Of all the conditions that both doctors and patients still have difficulty understanding, pain is a big one.

Millions suffer from chronic pain conditions every day. There are more pharmaceuticals being developed and taken than ever before, but we still don’t have an exact method for monitoring pain levels or the effectiveness of pain relievers; however, as more researchers and doctors continue studying pain and finding alternatives to addictive opioids, cannabis is emerging as a popular pain treatment tool.

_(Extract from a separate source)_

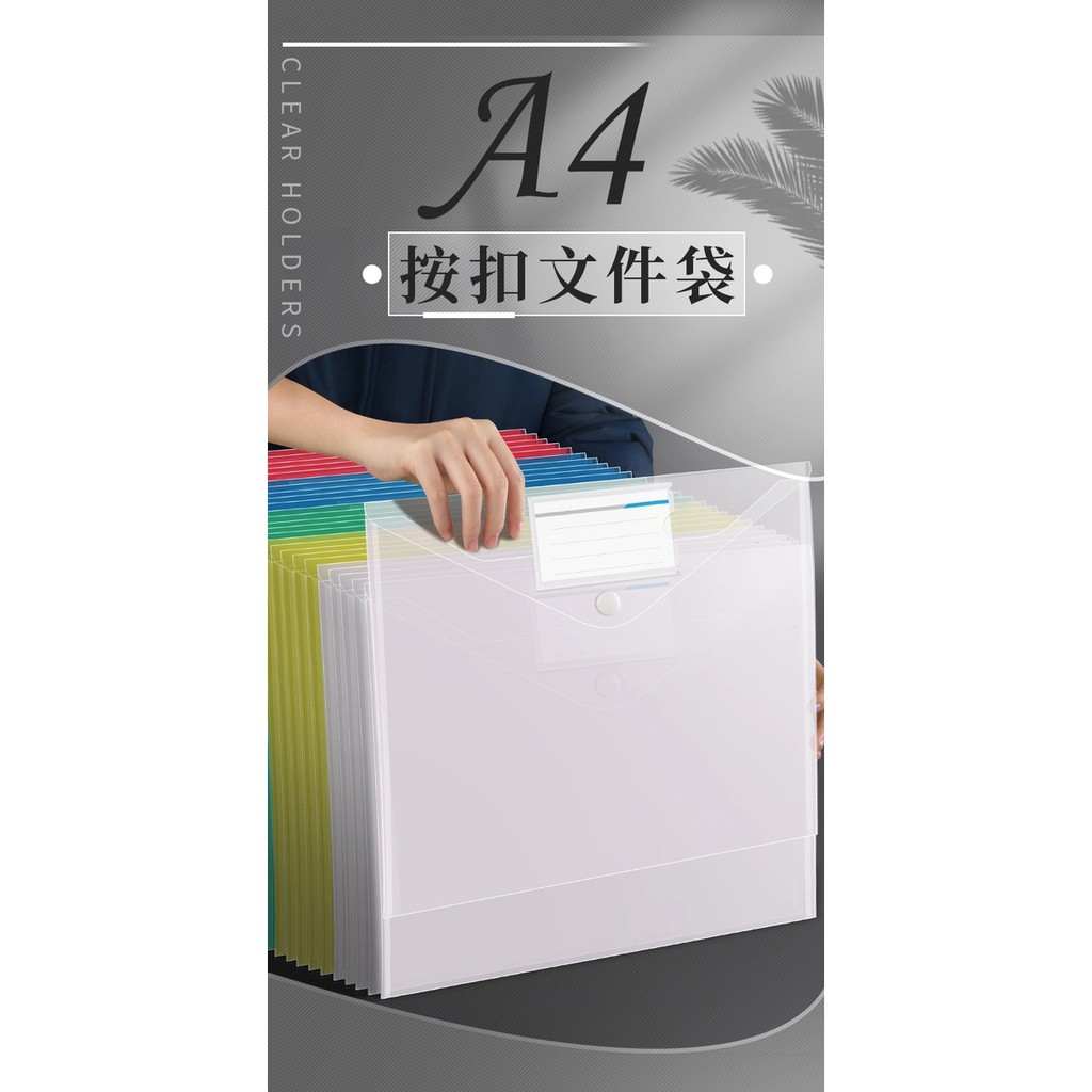 10PCS A4 Pocket File (with ID Label pocket) Stationery School Office Case PP Document Bag Button File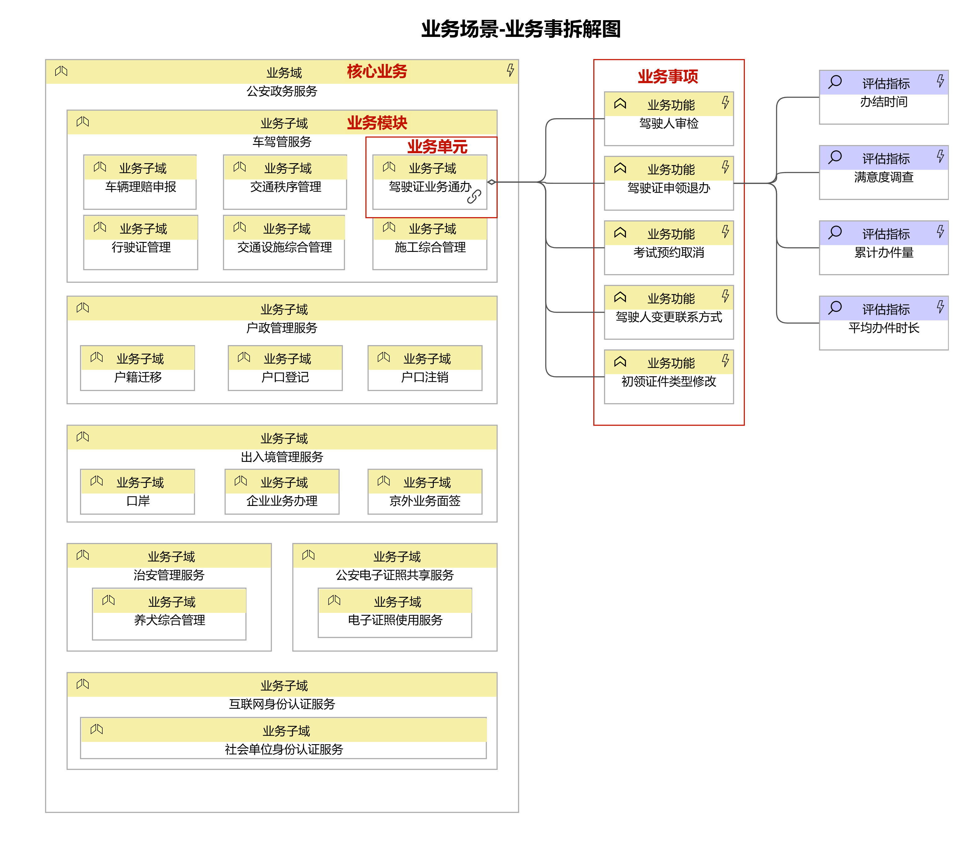 業(yè)務場景與事項拆解:從“大場景”中尋找“小切口”,對核心業(yè)務逐層拆解出業(yè)務場景、業(yè)務單元,直至最小級別的業(yè)務事項。最小級別的業(yè)務事項可以理解為單個部門履職具體化的最小單元,它關聯了主責部門、使用的數據等要素。對多個業(yè)務事項編排,形成解決特定業(yè)務需求的流程。因此,謀劃多跨協(xié)同場景需要將業(yè)務拆解到最小級別的業(yè)務事項才能滿足要求。

Plenty of people already use cannabis to treat pain. Some studies have confirmed that smoking cannabis can reduce certain types of pain, and it’s becoming more common to see people who frequently endure pain using cannabis and cannabis-based products. In these cases, the treatment often involves both of the main cannabinoids in cannabis, THC and CBD; however, CBD, or cannabidiol, can also reduce pain on its own.

So, to give you a quick overview of the facts, here are five things to know about using CBD to treat pain.

1. CBD may treat both acute and chronic pain

Everyone is familiar with acute pain. Acute pain is a signal from your nervous system alerting your body that something’s wrong. Chronic pain, which you may or may not have experienced, is the same kind of signal, only recurring over extended periods of time rather than as a brief experience.

Although more research needs to be conducted, scientists currently believe CBD may relieve pain by interacting with the endocannabinoid system (ECS). The ECS is a network of chemicals and receptors found throughout the body that affects a wide range of processes, from mood regulation to cell life.

Because CBD increases the levels of the neurotransmitters serotonin and glutamate, both of which may play a role in pain regulation, it may in turn be able to reduce both acute and chronic pain.

2. CBD combined with THC definitely reduces pain

Right now, there’s more available research involving pain and THC, or the combination of THC and CBD, than there is on pain and CBD alone. That’s likely because THC is still better known than CBD, and because THC and CBD are known to have complementary medicinal benefits through the “entourage effect.”

A 2018 study looked at how the cannabis-derived pharmaceutical Sativex, which contains equal parts CBD and THC, helped cancer patients treat their pain. The researchers found that the combination of both cannabinoids did relieve some of the patients’ pain.

3. CBD may be a safe compliment to opioids

In addition to demonstrating that THC and CBD combined can treat pain, the 2018 Sativex study also showed an interesting pattern involving opioids.

Most of the patients in the study had also previously been prescribed opioid-based pain relievers as part of their cancer treatment. Researchers saw that the patients living in the U.S. experienced greater benefits from Sativex than non-U.S. patients. They hypothesized that these increased benefits may be a result of the U.S. patients taking fewer opioids than the non-U.S. patients.

Since CBD is not addictive, there may be opportunities for people treating pain with opioids to use CBD as a safe, complementary pain reliever. Additionally, patients who can’t tolerate opioid therapy may benefit from CBD.

4. CBD may treat root causes of pain, like inflammation

Studies have shown that CBD has anti-inflammatory properties. CBD does this by interacting with the endocannabinoid system, which, among other things, regulates immune responses and can trigger or reduce inflammation.

By indirectly engaging with the ECS, CBD can reduce and possibly prevent inflammation. This can play a role in pain treatment for conditions that either involve painful swelling, like arthritis, or can be exacerbated by swollen joints and limbs, like diabetes.

5. CBD could be especially helpful for joint pain

One 2017 study looked at how people use CBD for pain relief. It found that CBD was particularly popular among people with joint pain.

As part of their study, the researchers reviewed a survey of patients with fibromyalgia, arthritis, or neuropathic pain, who all used cannabis for their pain. More than half the patients in each group reported “almost complete overall pain relief.”